This code demonstrates the implementation of a Convolutional Neural Network (CNN) for image classification using TensorFlow/Keras. It represents an evolution from basic neural networks by adding spatial feature extraction layers.
1. CNN Architecture (create_model)
kernel_sz = (3,3): Defines the size of the sliding window (kernel) used to extract features from images.
Conv2D (First Layer): Uses 32 filters and a stride of 2. The stride reduces the spatial dimensions (height and width) of the image by half while the filters learn specific patterns like edges or textures.
kernel_initializer='he_normal': This initializer is specifically chosen to work well with the 'relu' activation function by setting weights to a scale that prevents gradients from vanishing or exploding during training.
Conv2D (Second Layer): Increases the number of filters to 64. As the network gets deeper, it learns more complex, high-level features from the patterns identified in the first layer.

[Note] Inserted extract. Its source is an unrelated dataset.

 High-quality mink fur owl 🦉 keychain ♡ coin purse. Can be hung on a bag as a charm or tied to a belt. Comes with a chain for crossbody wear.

Flatten and Dense: After extracting spatial features, the 2D maps are "flattened" into a 1D vector and passed through a fully connected layer to make a final prediction via the Softmax activation.
2. Data Handling and Preprocessing
load_labels: Opens a CSV file and reads class labels line-by-line into a NumPy array.

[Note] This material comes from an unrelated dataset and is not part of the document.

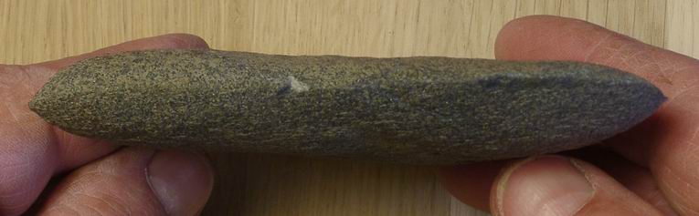 Ce ne doit pas être non plus un simple galet de rivière, il doit certainement y avoir des haches classiques en cette roche, type roche verte
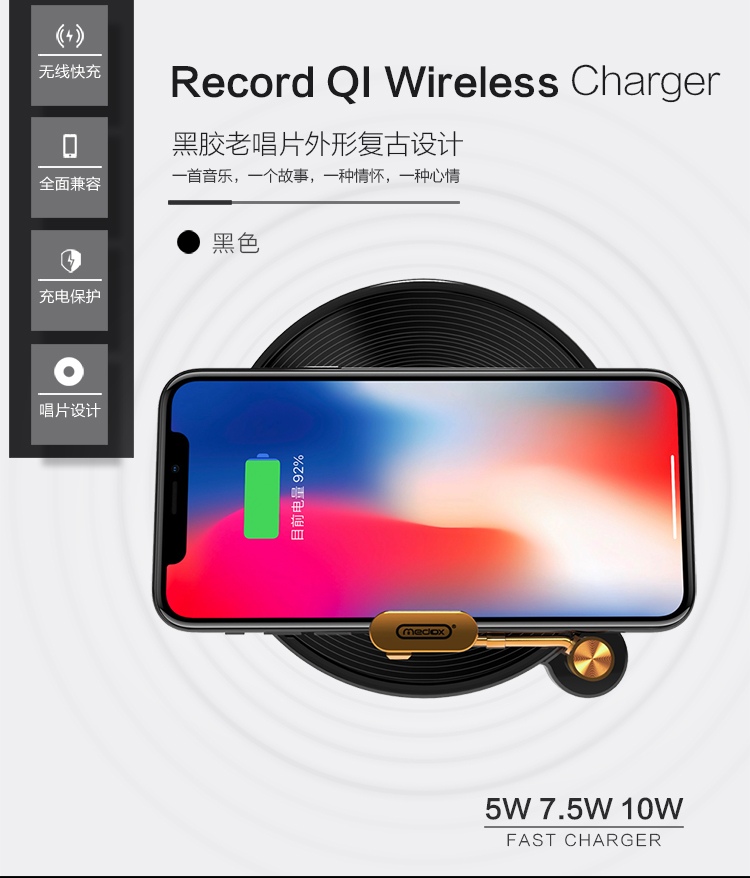 商品名称:黑胶碟唱片机造型无线充电器 复古无线充 创意小礼品

load_images: Uses the PIL (Pillow) library to open PNG files from a folder and convert them into a 4D NumPy array format required by Keras (count, height, width, channels).
normalize_dataset: Standardizes pixel values to a range (typically -1 to 1 or 0 to 1) to improve training stability and speed.
3. Training Execution and Performance
model.compile: The model is set up with the Adam optimizer and a learning rate typically around 3e-5 for stable convergence.
Training Log Analysis:
The logs show that by Epoch 2, the training accuracy reached approximately 58.7%, indicating the CNN is effectively capturing spatial patterns in the CIFAR10 dataset.
Note on Overfitting: If training accuracy (e.g., 0.71) is much higher than validation accuracy (e.g., 0.45), the model is overfitting, and you should increase regularization strength or use dropout.